Although travel is out of the question for the foreseeable future, with my trips to India and France canceled I’ve found myself transported there by books. Two novels set in India gave me a different perspective on the land of my birth, one set in a small fishing village in the coastal south (Small Days and Nights by Tishani Doshi), a part of India less familiar to me; the other in the teeming city of Calcutta where I was born and brought up (A Burning by Megha Majumdar). The former is a story about family secrets and the long shadow they cast on the present, the latter about how increasingly nationalistic political and social forces can destroy an innocent person caught up in a web of circumstance. Amazing how foreign a familiar place can seem.
It’s equally amazing how a foreign country can sometimes feel like home when you have wonderful writers as traveling companions. I’ve long admired her short stories, but I read the novel Green Water, Green Sky by Mavis Gallant for the first time this year (published along with A Fairly Good Time), and it was a wonderful find, a story of an American mother and daughter in Europe and the complicated notions of family whether at home or abroad. As for Between Meals: An Appetite for Paris by A.J. Liebling, if you haven’t yet come across this laugh-out-loud book about food and the French in 1920’s Paris by the legendary writer for The New Yorker, then you’re in for a literary and culinary feast. Every time I read it, I think, c’est délicieux!

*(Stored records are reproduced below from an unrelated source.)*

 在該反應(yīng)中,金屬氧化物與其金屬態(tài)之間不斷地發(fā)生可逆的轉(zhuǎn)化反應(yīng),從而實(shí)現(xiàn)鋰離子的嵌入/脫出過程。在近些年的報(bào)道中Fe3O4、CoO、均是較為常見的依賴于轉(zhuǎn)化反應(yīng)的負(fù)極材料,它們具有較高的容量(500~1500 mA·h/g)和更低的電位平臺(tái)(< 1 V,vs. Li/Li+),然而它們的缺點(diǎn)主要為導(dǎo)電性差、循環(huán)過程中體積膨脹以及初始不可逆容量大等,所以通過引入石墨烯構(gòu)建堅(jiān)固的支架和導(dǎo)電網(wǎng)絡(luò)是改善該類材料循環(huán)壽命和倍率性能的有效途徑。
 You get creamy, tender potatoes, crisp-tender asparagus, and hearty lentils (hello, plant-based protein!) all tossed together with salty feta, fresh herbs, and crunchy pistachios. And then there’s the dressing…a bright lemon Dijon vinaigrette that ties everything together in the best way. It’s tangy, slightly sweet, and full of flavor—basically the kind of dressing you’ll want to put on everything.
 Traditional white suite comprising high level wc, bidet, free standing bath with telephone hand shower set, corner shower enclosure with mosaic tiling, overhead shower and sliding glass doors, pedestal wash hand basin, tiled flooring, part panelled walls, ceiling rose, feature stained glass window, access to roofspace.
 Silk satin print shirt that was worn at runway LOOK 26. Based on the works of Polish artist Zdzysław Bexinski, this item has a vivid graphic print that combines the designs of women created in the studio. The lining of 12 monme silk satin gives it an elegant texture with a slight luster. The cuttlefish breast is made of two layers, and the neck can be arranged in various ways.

Doomscrolling the news left me little time or mental energy to focus on my own writing, but books about books and writers remain catnip to me. My reading list skews more heavily to fiction than non-fiction, but The Library Book by Susan Orlean, about a devastating fire in the Los Angeles public library, reads like fiction, part history, part mystery, but in any case a page-turner, large in sweep and scope. On a smaller scale, an old favorite, Look at Me by Anita Brookner, is also set in a library, and features a librarian whose keen ear and satiric eye turn her into a writer. And I really loved the travails of The Anthologist by Nicholson Baker, in which the protagonist is stuck and cannot finish the introduction to an anthology of poetry. I know the feeling.
One thing 2020 emphatically was not: My Year of Rest and Relaxation, as Ottessa Moshfegh’s novel is titled. It’s been more like my year of unrest and vexation, so I’ve looked for comfort wherever I could: in a well-worn garment, faded and soft, or in binge-watching the Great British Bake-Off even though I’ve never mixed a batch of cake batter, or in reaching for books that calm my soul. I have always found balm in Gilead by Marilynne Robinson. With the arrival of Jack, the Gilead trilogy is now a quartet. We already know from the earlier books how the story ends, yet the love story of Jack and Della, revealed mostly through their long, intimate conversations, is compellingly spotlighted, even though as an interracial couple their love is exiled to the shadows. Jack, who refers to himself as the Prince of Darkness, feels he deserves no forgiveness for his scapegrace past; a minister tells him that punishment is in God’s hands, but if He is “showing you a little grace in the meantime, He probably won’t mind if you enjoy it.” This note of grace, characteristic of Marilynne Robinson, is a welcome reminder that now that the longest night of this year is behind us, we can look towards the light.